Thursday, May 28, 2015

An Innocent Pressure Cooker Pays The Price In The War On Terror

We talk a lot about "disruption" here at Techdirt, although generally not in this context.

Police Lt. Kimberly A. Schneider told The Associated Press that Capitol Police officers on routine patrol spotted the parked, unoccupied vehicle on a street on the mall west of the Capitol around 5 p.m. Sunday.

“Further investigation revealed a pressure cooker, and an odor of gasoline was detected,” Schneider said, adding a Capitol Police bomb squad was called in because the vehicle was deemed “suspicious in nature.”
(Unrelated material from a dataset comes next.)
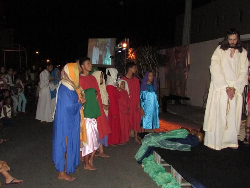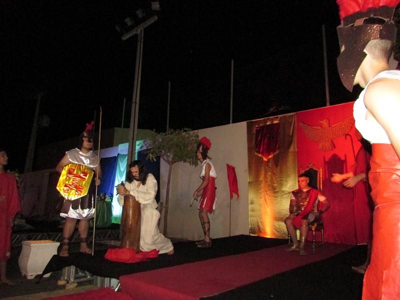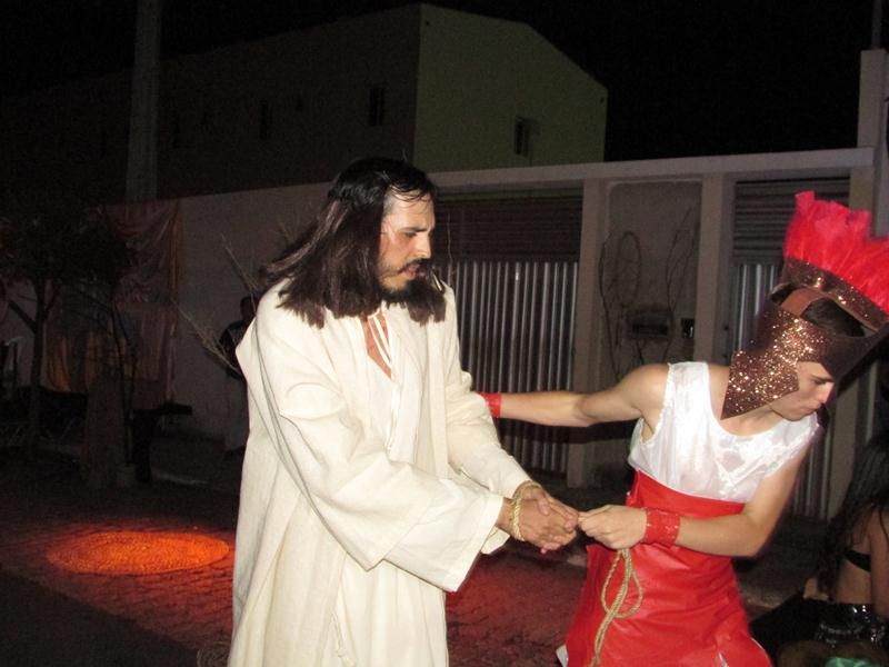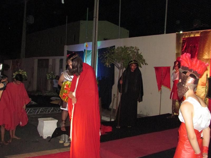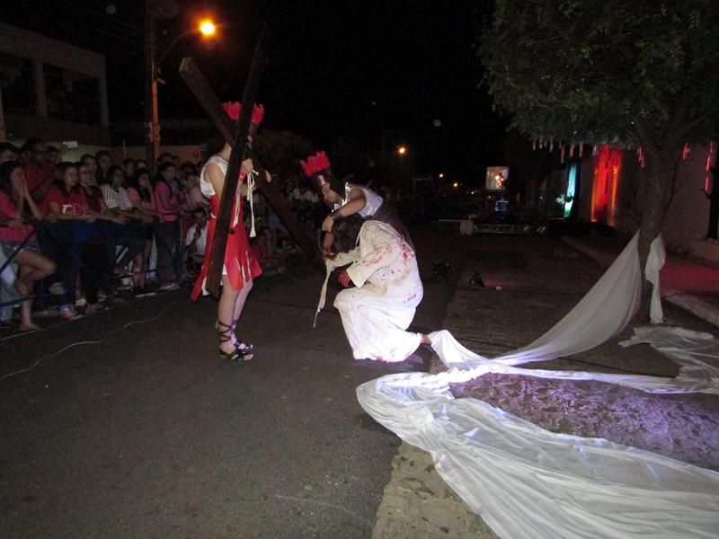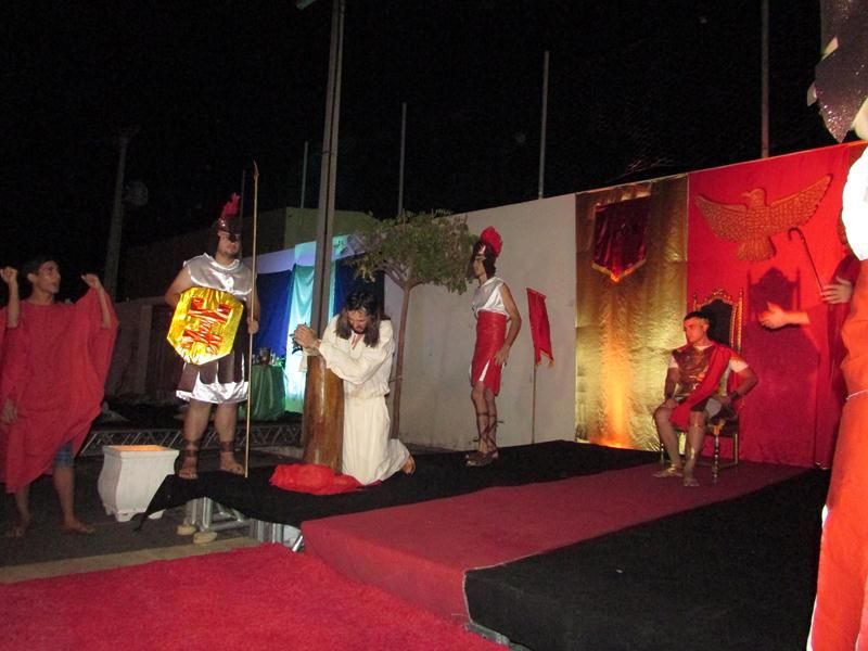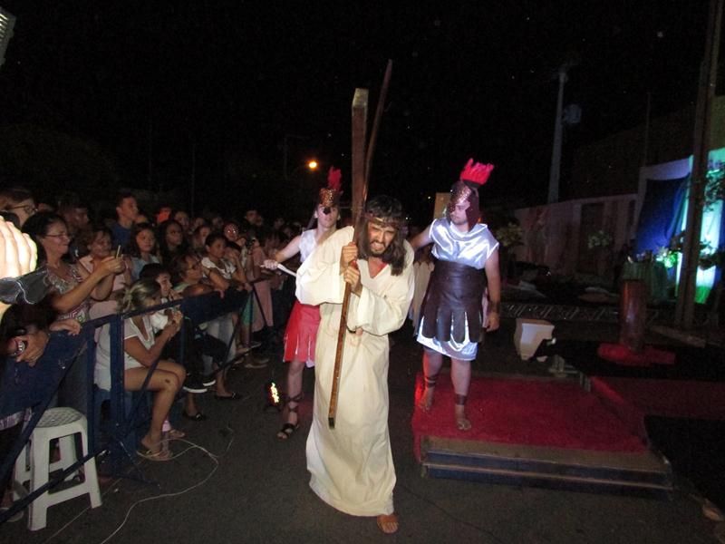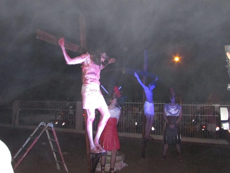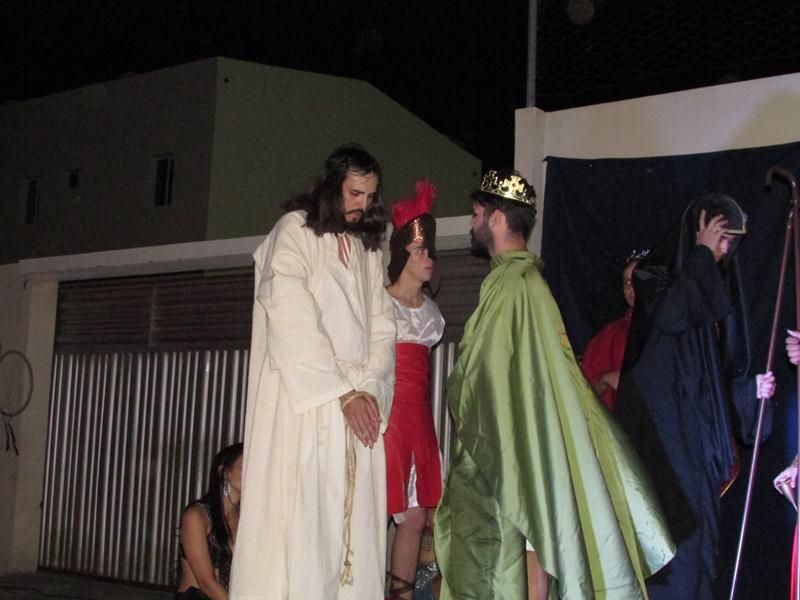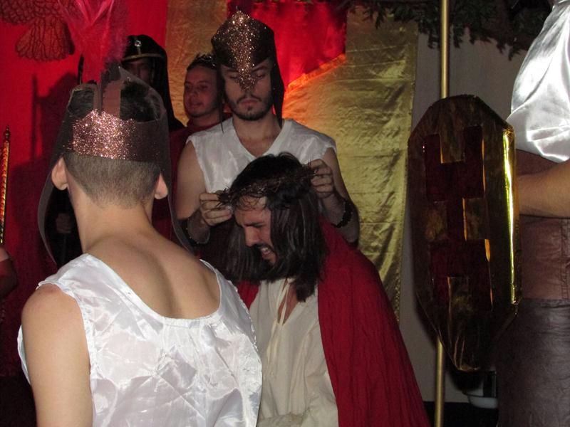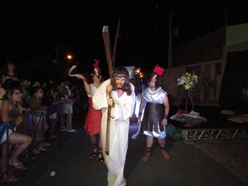 Pelo terceiro ano consecutivo jovens da pastoral crismal da Paróquia Santo Antônio encenam a Paixão de Cristo, que este ano contou com uma estrutura bem maior que a dos outros.

She said the squad known as the Hazardous Devices Section destroyed “items of concern in the vehicle including the pressure cooker” at about 7:45 p.m. after temporarily closing off the area on the long Memorial Day holiday weekend. She did not immediately identify the other items but said only that “this safe disruption produced a loud ‘bang.’
That's how the "boots on the ground" War on Terror ends continues: not with the whimpering of surveillance state enthusiasts in legislators' clothing, but with the "bang" of a "safe disruption." It also continues with the delivery of witless soundbites from Official Obvious.
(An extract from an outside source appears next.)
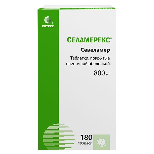 Активным веществом препарата СЕЛАМЕРЕКС® является севеламер - невсасывающийся в желудочно-кишечном тракте фосфатсвязывающий полимер, не содержащий металлов и кальция. Севеламер состоит из множества аминогрупп, отделенных одним атомом углерода от полимерного каркаса, которые протонируются в желудке. Эти протонированные аминогруппы связывают отрицательно заряженные ионы, такие как фосфаты, поступающие с пищей в кишечник. Севеламер связывает фосфаты в желудочно-кишечном тракте, уменьшает их всасывание и благодаря этому снижает концентрацию фосфора в сыворотке крови. При применении препаратов, связывающих фосфаты, необходимо регулярно контролировать концентрацию фосфора в сыворотке крови. Терапевтическая эквивалентность севеламера карбоната, применявшегося в виде таблеток и порошка 3 раза в сутки, и севеламера гидрохлорида, а, следовательно, и эффективность контроля концентрации фосфора в сыворотке крови у пациентов с хронической почечной недостаточностью (ХПН), находящихся на гемодиализе, были показаны в двух рандомизированных перекрестных клинических исследованиях.

"Odor of gasoline" emanating from a vehicle that operates on gasoline? Do tell. Or how about this, just in case we citizens wonder whether blowing up disrupting common items frequently carried in vehicles is the way it's just going to be from now on?
Authorities have noted that pressure cookers have been used in the past to create explosive devices.
Presumably, these same authorities can also be counted on to point out that planes have been hijacked in the past, just in case anyone has forgotten the "devices" used in high-profile terrorist attacks on American soil.
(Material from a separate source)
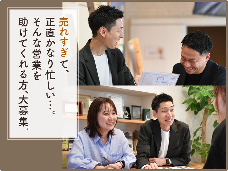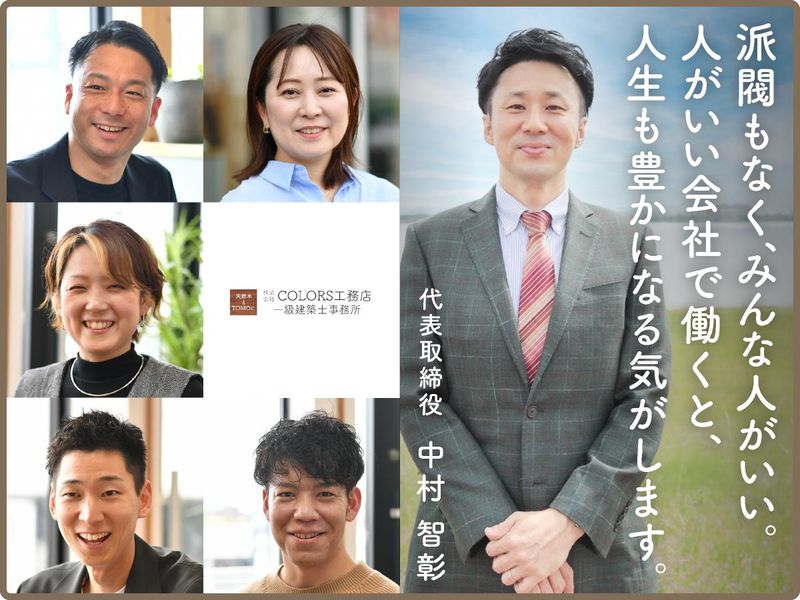 仕事内容 ◇◇◇ 営業アシスタントとして 資料準備や書類チェック、 連絡対応などを担当します。 営業とお客様のやりとりを スムーズに進めるサポート役です。 多くの人と関わりながら、 チームの中心として頼られるポジション。 +++- 住宅も、採用も。 「あ、なんかいいな。」から始まる。 それがCOLORS工務店の 「ひとめぼれ採用」です。 -+++ 「いいな、この人、この仕事、この会社」と 共感できている時にこそ、 最高のパフォーマンスができる。 しかもご機嫌に、楽しく(笑) だから私たちは「なんかよさそう…」 という感覚を大事にします。 私たちCOLORS工務店は、 天然木を使ったデザイン住宅で お客様の即決(ひとめぼれ)を 続々引き寄せ、絶好調です。 これからお伝えする社風や仲間に触れ、 あなたが「ひとめぼれ」できる、 会社か、ぜひ判断してみてください。 +++- ■あなたの力を必要としています。 -+++ ライフスタイリスト(営業)の 濵崎 悟、入社3年目です。 リゾートホテルの営業から転職。 ありがたいことに、 私たちの家づくりに惚れ込み、 事前に調べて来場されるお客様が とても多いんです。 そのため営業は日々、お客様対応で大忙し。 だからこそ今、営業を支え、 チームを動かしてくれる営業アシスタントの 存在が欠かせません。 お客様の不安をなくし、 理想の家づくりを実現するために。 営業と一緒にお客様を支える、 チームの大切な存在として 活躍していただけたら嬉しいです。 +++- ■ワイワイ楽しく、仲が良い♪ -+++ 入社3年目、ライフスタイリストの 水波 志帆です。元はネイリストでした。 この会社で働いていて感じるのは、 「一人で仕事をしている会社じゃない」ということ。 営業も、設計も、事務も、 みんなで支え合って家づくりをしています。 特に営業アシスタントの存在は、 本当に本当に本当に大きいんです。 資料の準備やお客様対応など、 細やかなサポートがあるからこそ、 私たちは安心してお客様と 向き合うことができます。 「助かりました」「ありがとう」と、 社内で自然に言葉が飛び交う。 そんな空気がある会社です。 だから社内もギスギスすることはなく、 派閥もなく、みんな本当に仲が良いんです。 社員旅行には家族や子どもまで 招待してくれるなど、 会社も社員をとても大切にしてくれます。 人を大切にする会社だから、 人間関係もあたたかい。 そんな環境で一緒に働きませんか。 +++- ■ライフステージに合わせた キャリアチェンジも可能。 -+++ 産休・育休を経てパートとして復帰したり、 土日休みを希望する元営業が 人事や広報として戻ってきたり…。 ライフステージに合わせた キャリアチェンジにも柔軟な会社です 社長に聞くと 「本人がどうなったら幸せかと考え、 話し合ってきた結果だよ」とニッコリ。 定期的に社長面談があり、働きやすさや キャリアなどについて考える機会を 設けています。 新しい取り組みや挑戦も 社長に提案すれば、「やってごらん?」と 背中を押してくれるはずです。 社風や仲間に触れて、 「ここで働きたい」と思えたなら。 きっとそれは、あなたの“ひとめぼれ”です。

While I appreciate the fact that law enforcement officers don't really have the luxury of gambling with other people's lives by playing "Bomb or not?" when coming across items like these, there's a definite lack of restraint in play here. The person who owned the vehicle was located and charged (because how can you not after you've smashed his back window, blown up his personal property and, as a last step, performed a "hand search" that turned up nothing suspicious) with "operating after revocation": driving without a valid license.

Israel Shimeles operates a food truck (SUSPICIOUS!) and moved those items to his parked car to make more room in his truck. He has since apologized and calls his own actions "stupid." That's the world we live in today, where a propane tank and a pressure cooker laying in plain sight in a parked vehicle results in destroyed property and apologies from the person who's now out a pressure cooker, propane tank and rear window.

He also says he'll "be more careful" in the future. This suggests the "explosive" items will be safely stowed in his food truck or out of sight in a parked vehicle. This will also keep the inherently suspicious items out of the view of passing police officers -- the sort of precaution one would assume an actual terrorist would take to ensure his or her "disruption" isn't "disrupted."

And let's not overlook the dissonance of the solution. The items were deemed a threat to others in the crowded National Mall area, but could be safely "disrupted" a few yards away from their original location. While I understand it's not safe to carry around possible explosives, this fix seems about as respectful of the public's safety as the TSA's policy of tossing seized liquids ("potential explosives," to TSA agents) into nearby trash cans. If something may blow up spectacularly (and dangerously), why is it suddenly "safer" a few feet removed from its origin? Yes, it was a "controlled" detonation, but there's a lot of incongruity to the visual of the "disruption" tossing debris within a foot or two of the vehicle the supposed bomb was removed from.

I don't expect authorities to do nothing when spotting possible explosive devices. I'm just disappointed that this is the new standard for "suspicious" items -- a mindset that will outlast terrorist-"targeting" government surveillance programs, apparently. Because two people used pressure cookers in their terrorist attack, pressure cookers are now viewed as bombs by default -- despite 99.999% of pressure cooker purchases resulting in nothing more than cooked food.